2000 United States presidential election in Wyoming
| Nominee | George W. Bush | Al Gore |  |
| Party | Republican | Democratic |
| Home state | Texas | Tennessee |
| Running mate | Dick Cheney | Joe Lieberman |
| Electoral vote | 3 | 0 |
| Popular vote | 147,947 | 60,481 |
| Percentage | 67.76% | 27.70% |
- County results Bush 50–60% 60–70% 70–80% 80–90%
| President before election Bill Clinton Democratic | Elected President George W. Bush Republican |

= 2000 United States presidential election in Wyoming =

The 2000 United States presidential election in Wyoming took place on November 7, 2000, and was part of the 2000 United States presidential election. Voters chose three representatives, or electors to the Electoral College, who voted for president and vice president.
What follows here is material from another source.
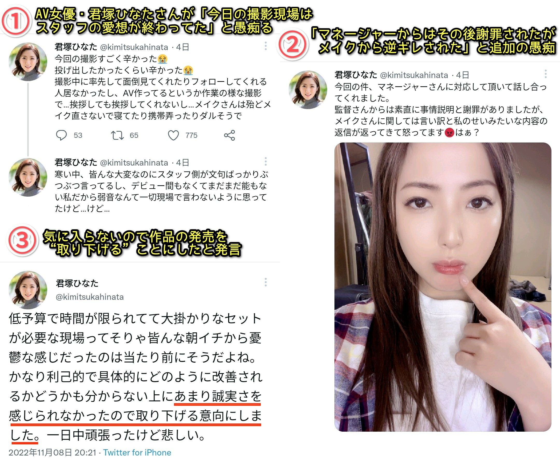 她在twitter上說那位被嫌棄的化妝師是個好人,倒是那位老是找化妝師麻煩的女優最好適可而止,很多人都受不了她了ー然後君塚ひなた(君塚日向)不忍了立刻對號入座,除了指責月島さくら(月島櫻)根本不知道發生了什麼事、她也從來沒對其他化妝師不滿外雙方自然又是針對月島始終反對的AV新法有了一番「交流」:

Wyoming was won by incumbent Texas Governor George W. Bush by a massive 40.06% margin of victory, and his 67.76% of the popular vote made the state his strongest victory in the 2000 election. He was accompanied on the Republican ticket by vice presidential nominee Dick Cheney, formerly a member of the U.S. House of Representatives from Wyoming's at-large district.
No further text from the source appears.